The tundra of the Yukon-Kuskokwim Delta is studded with botanical gifts: plump, dark crowberries, hot-pink fireweed, wormwood plants and blackberries found in the region have all been used for kitchen-made balms and salves by the Native people who have inhabited the area for thousands of years.
Now, three sisters from Bethel are launching a high-end skincare line that features the tundra's bounty. Triplets Michelle, Cika and Amy Sparck plan to take the antioxidant-rich raw botanicals of Arctic Alaska to boutiques across the country, and in doing so, start what they hope will be a new, green gathering economy in Western Alaska. They held a party for their Arxotica line on Friday, Oct. 23 in Anchorage.
Their debut product is an anti-aging facial serum called Quyunglii, which means "the potent one" in the Cu'pik language. It's made with tundra crowberries, fireweed, Arctic sage (the Cu'pik name for that translates to "nothing bad about it") and is fortified with Alaskan glacier water and omega oil from salmon. They expect it to wholesale for more than $170 per ounce.
After the sisters, who are Cu'pik Eskimos of the Qissunamuit Tribe of Chevak, conceived the business they approached elders in areas they wanted to collect from to ask for permission and get advice. The response was positive: People told them where to find the disturbed ground that begets the best fireweed and tipped them off about particularly rich spots for blackberries or crowberries.
Concerns
"We would never do that," Cika says. "Respect is built inherently into our philosophy and business plan."
Their long-term goal includes hiring people in the region to do everything from ethnobotany to seasonal gatherering.
"A gathering economy," says Michelle, "is what we want to start."
Another goal is avoiding waste: They make soaps from parts of the plants that can't be used for other products, and buy last season's berries from the freezers of people who want to get rid of them. In the past, the women have hand-harvested the plants themselves.
They encountered what they describe as a "humorous comedy of errors" trying to set up a supply-chain system in the Alaskan Bush, where there are no roads and infrastructure is limited. Michelle and Cika found themselves on the tundra with hundreds of pounds of gathered crowberries waiting for their ride out in a small plane. When it arrived, the pilot took one look at the women and said "no way," before flying off. It turned out he was planning on making a few stops in other Delta villages, and he came back and let them on in the end.

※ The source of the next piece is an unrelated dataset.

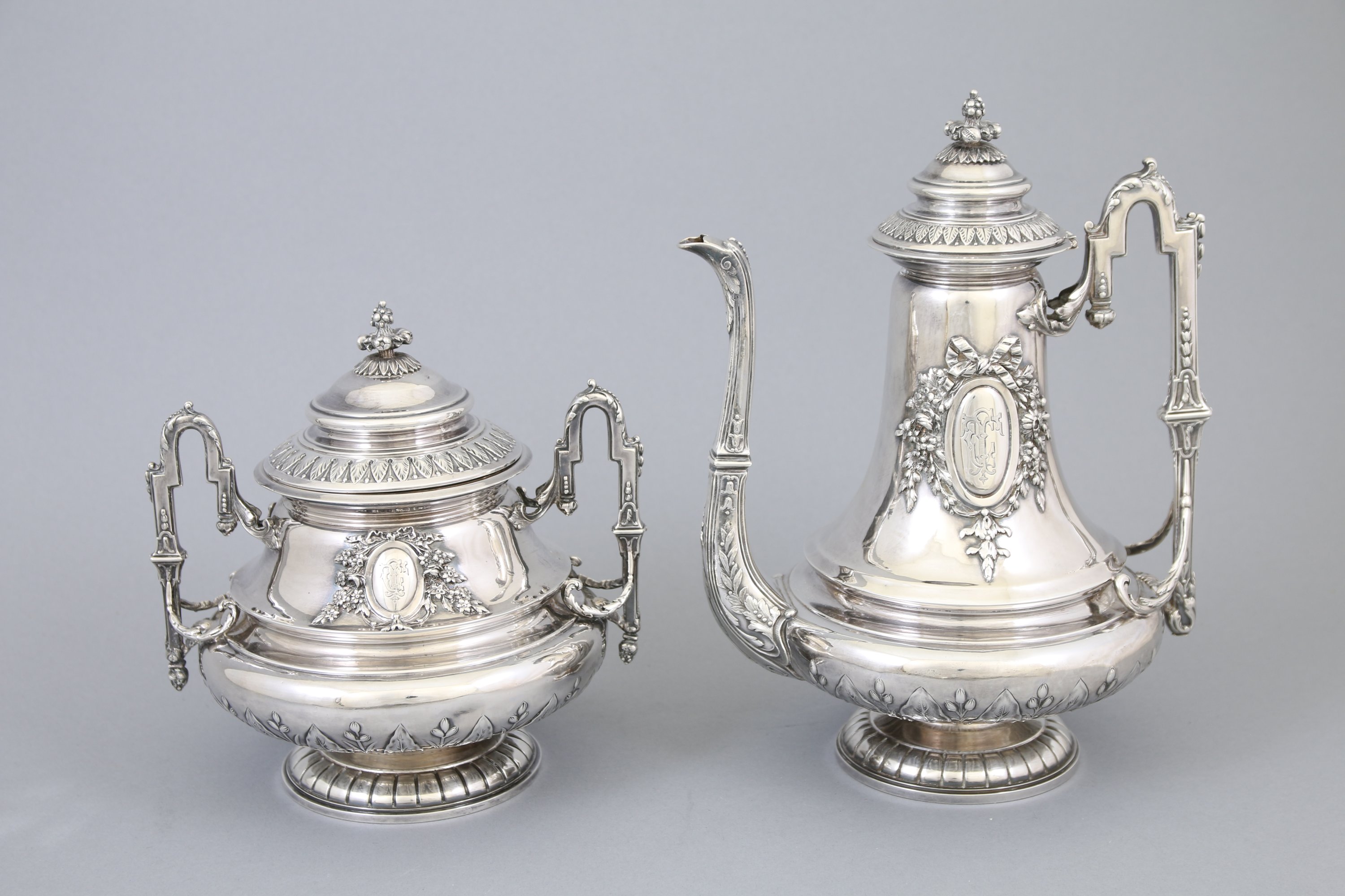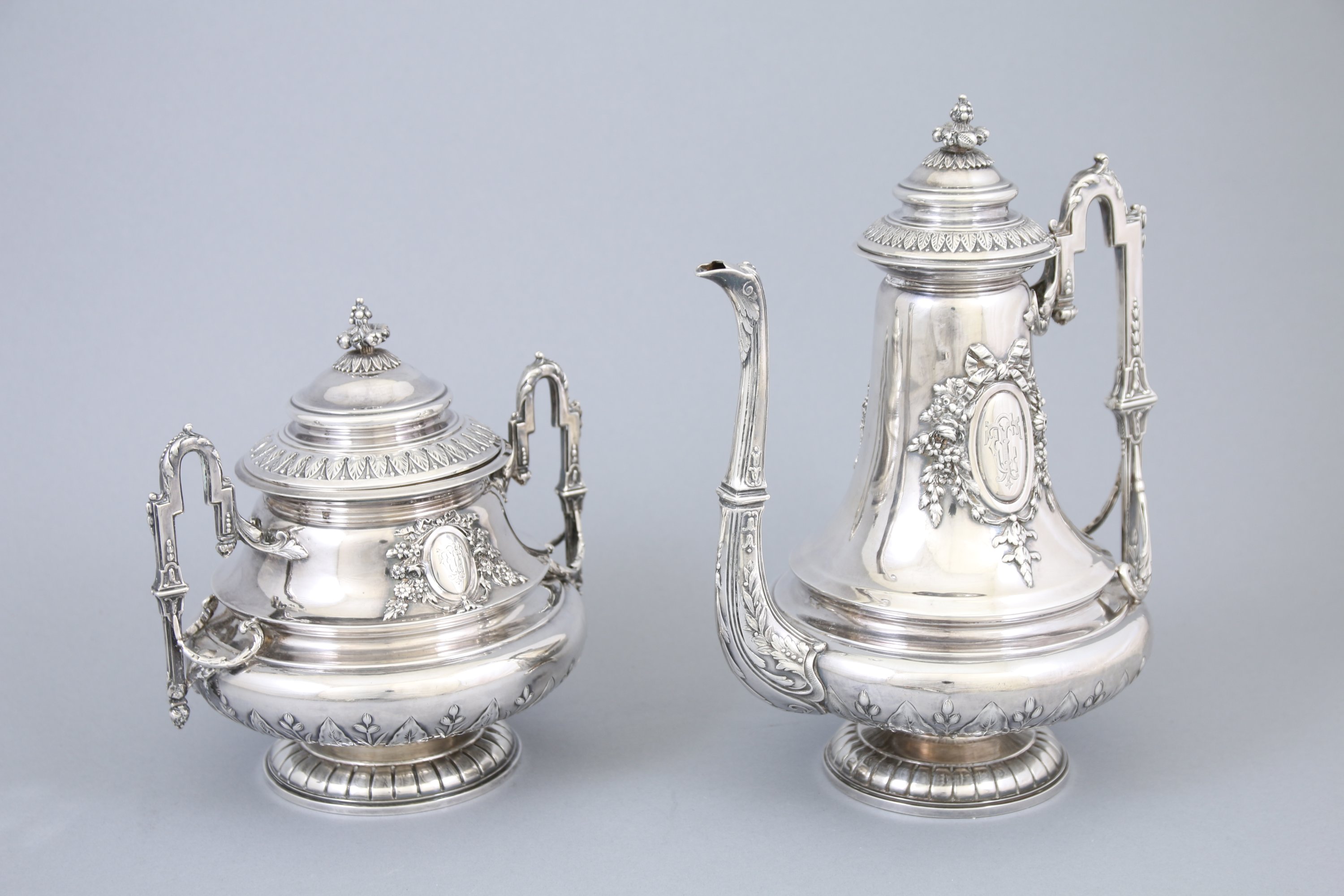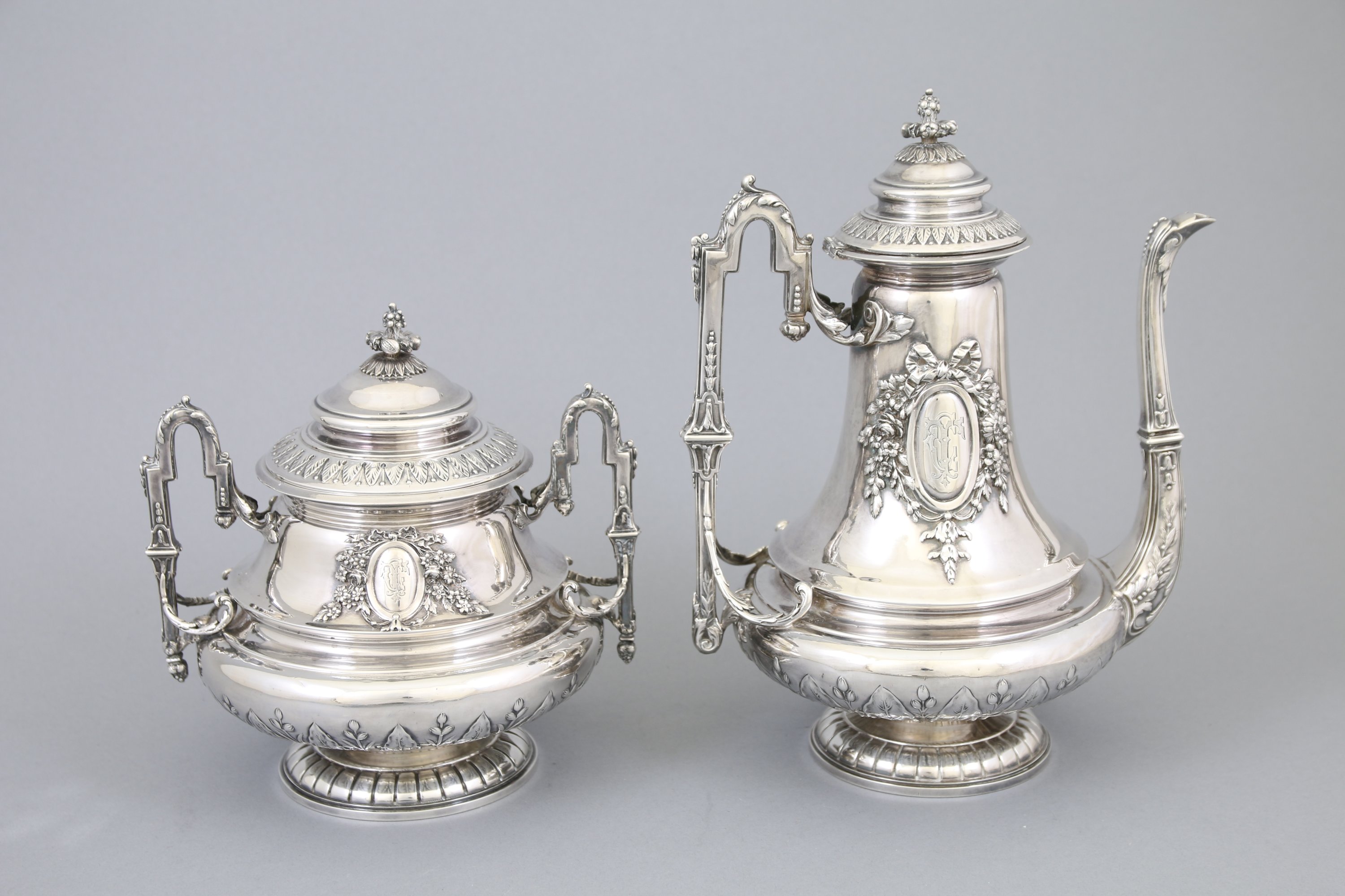 Fretel à grains de pavots, couvercles à frises de feuilles de lotus, bec verseur à feuilles de laurier, anse ouvragée à pointe d'asperge. Le corps est orné du monogramme "CT" dans un entourage au noeud fleuri. Ils reposent sur des pieds circulaires godronnées.

The sisters, who grew up in Bethel but spent summers in the village of Chevak, got their start with the help of two grants from the Alaska Federation of Natives' Alaska Marketplace program, which helps small business owners in rural Alaska get seed money. Running a business as triplets has been a joy, not a challenge, the sisters say.
"We're simpatico," says Amy.
Michelle has worked in public service, consulting tribal leadership groups, and with NGOs focused on rural Alaska. Cika is a graphic designer and art director, and Amy Sparck Dobmeier has worked in leadership roles in the tribal operations sector. She was the Rural Affairs Coordinator for the City of Anchorage until the position was cut earlier this year.
For now, the sisters are focusing on placing the products - the line will always remain small and high-end to avoid competing with subsistence use of the botanicals it relies on - in boutiques across the country, and in preparing for next year's gathering season.